Ни слова не произнося, Дарио вывел Анюту из комнаты, и они, путая ступени и спотыкаясь, стали спускаться по лестнице вниз. В самом низу Анюта, глядя в пол, чтобы не смотреть наверх, откуда они спустились, сказала:
- Как-то вы нехорошо живете.
- Да что там нехорошо – скверно. Да и не живем мы вовсе. Впрочем, это русский вопрос…
- Так нельзя… Надо все менять.
- Жизнь – не обстановка в доме. Ее так просто не поменяешь.
- Русский – не русский, а надо.
Сверху же все доносилось: «Как трогательно! Ах, ах!»
VIII
Анюта Скобелева вообще-то в сиделки попала случайно. Даже не то чтобы попала, как попадает шар в бильярдную лузу, а как бы волею случая приняла непривычное, не свойственное ей, неудобное положение и задержалась в этом положении. И оно оказалось таким удобным и привычным, что не захотелось его менять.
Иными словами, однажды ее попросили, и она согласилась, поскольку неловко было отказать. Отказать тем, к кому сама не раз обращалась за помощью, напоминала о себе, надоедала, и ей никогда не отказывали. Чем могли – помогали. Поэтому Анюта считала себя обязанной выполнить ответную просьбу – посидеть со старушкой на даче, временно, пока хозяева не найдут ей постоянную замену.

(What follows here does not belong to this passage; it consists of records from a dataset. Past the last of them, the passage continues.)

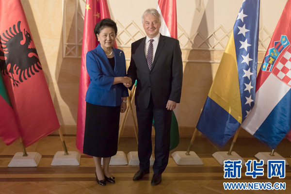 6月19日,在匈牙利布達(dá)佩斯,中國(guó)國(guó)務(wù)院副總理劉延?xùn)|(左)會(huì)見匈牙利副總理謝姆延。 新華社發(fā)(弗爾季·奧蒂洛攝)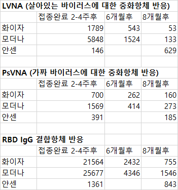 초창기 높은 수준의 항체가에서 시간이 지나면 급격히 감소하는 mRNA 백신에 비해 얀센백신은 시간이 지나며 오히려 항체가가 증가되는 결과도 나타났으며 감소폭 또한 좁게 나타남.
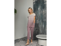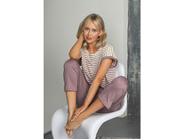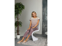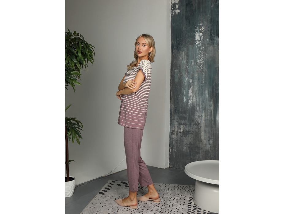 Женский домашний костюм состоит из футболки и брюк, футболка с коротким рукавом.
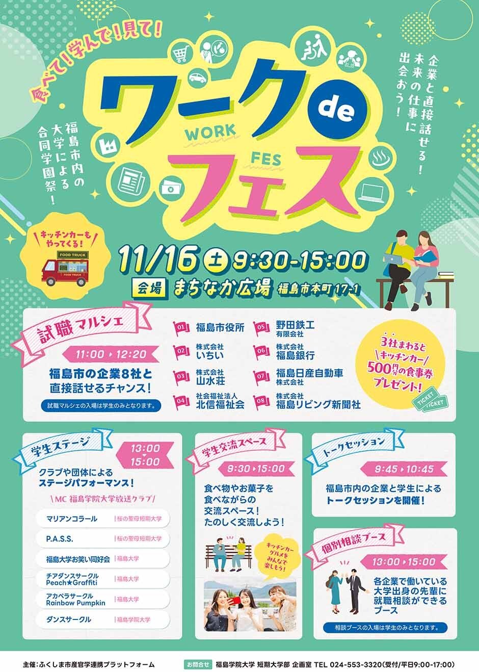 | お問い合わせ | 主催:ふくしま市産官学連携プラットフォーム 問い合せ:024-553-3320(福島学院大学 企画室) |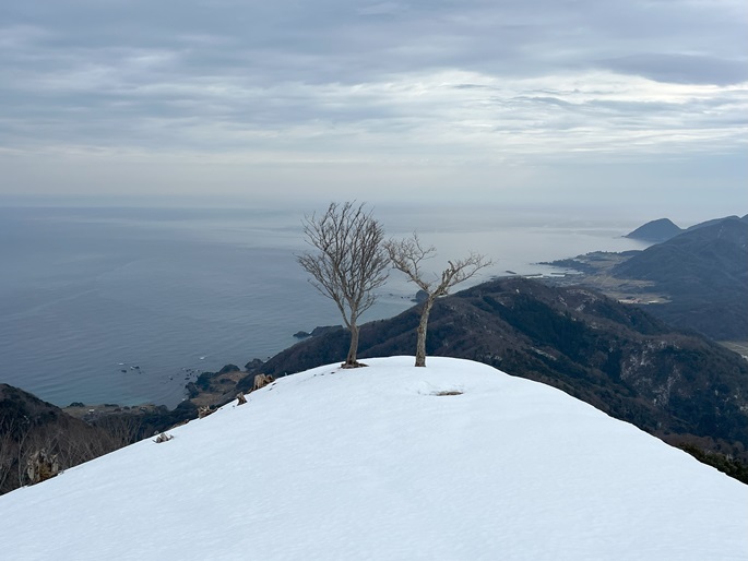 京都府京丹後市の依遅ケ尾山(540m*日本の山1000*関西百名山)を登った。 登山口へアプローチする車道は除雪されてなかったので1キロほどスノーシューを履いて歩いた。 丹後半島の北端に位置する独立峰で、山頂からは日本海の眺めが良かった。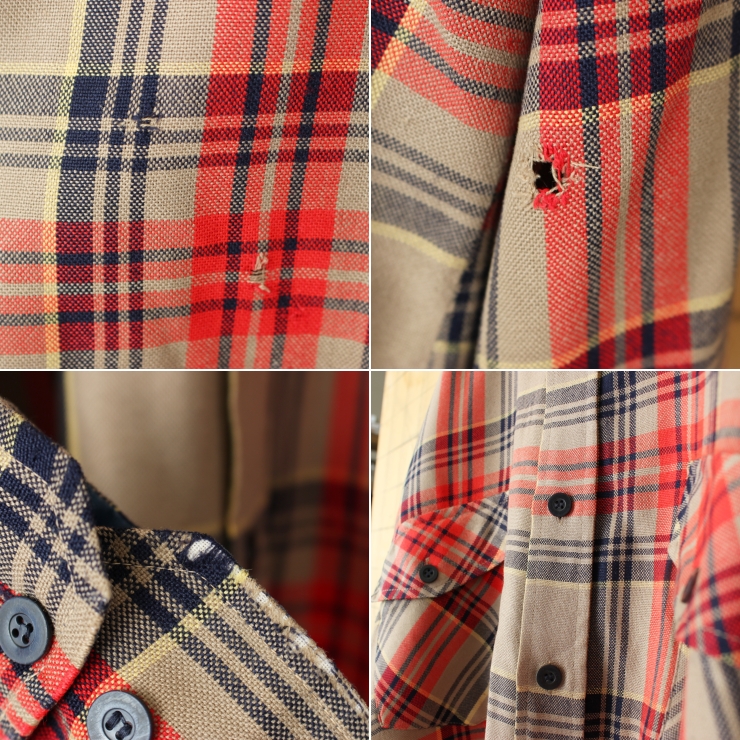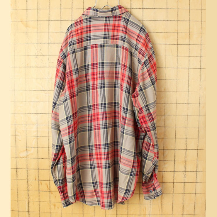 USA GREATLAND SPORTSWEAR チェックアクリルシャツ ベージュ メンズL 長袖 アメリカ古着

Дачу хозяева не построили, а купили - она досталась им сразу, готовенькая, ухоженная, с облепленным улитками душем, ваннами для сбора дождевой воды, играющая разноцветными стеклышками в ромбовых переплетах веранды. Комнаты пахли смолой, застывшей в распилах бревен, и это чувство счастливого обретения нового убежища – гнезда – передалось и Анюте.
Раньше она на дачах не жила и даже не мечтала когда-нибудь пожить. А тут ее привезли, как барыню, и она благоговейно вступила под своды… Стояло дождливое, прелое и душное лето, погромыхивало где-то за горизонтом, в малине гудели шмели, падалицу яблонь уносили на своих иголках ежи, соседский кот от обжорства не лакал оставленное ему молоко, а играл с блюдцем, переворачивая его лапой.
Ее новое положение заключалось в том, чтобы ухаживать за бабушкой. Анюта ее поила из большой желтой чашки, кормила с ложечки, сажала в кресло или гамак, привязанный к березам, выводила под руку за калитку, читала вслух. Словом, заботилась и любила, хотя иногда покрикивала, если та капризничала, и грозила ей пальцем как маленькой. Это приносило странное удовлетворение, и ей казалось (собственных детей она иметь не могла), что бабушка – ее большая, грузная, одышливая дочка.
И было нестерпимо жалко, что эта дочка скоро умрет. И, по-видимому, это произойдет, через год-два, а то и раньше, поскольку ночами она задыхалась, содрогалась от кашля, и на платке оставались капельки крови (приходилось ее успокаивать и внушать, что это остатки малинового киселя).
Поэтому главной своей обязанностью Анюта считала борьбу со смертью – с тем, чтобы ее не допустить, поставить ей заслон, отдалить. Пусть сверкает зарницами и погромыхивает где-то за горизонтом. Пусть, словно обожравшийся кот, играет лапой с блюдцем и уносит на своих иглах ненужную падалицу.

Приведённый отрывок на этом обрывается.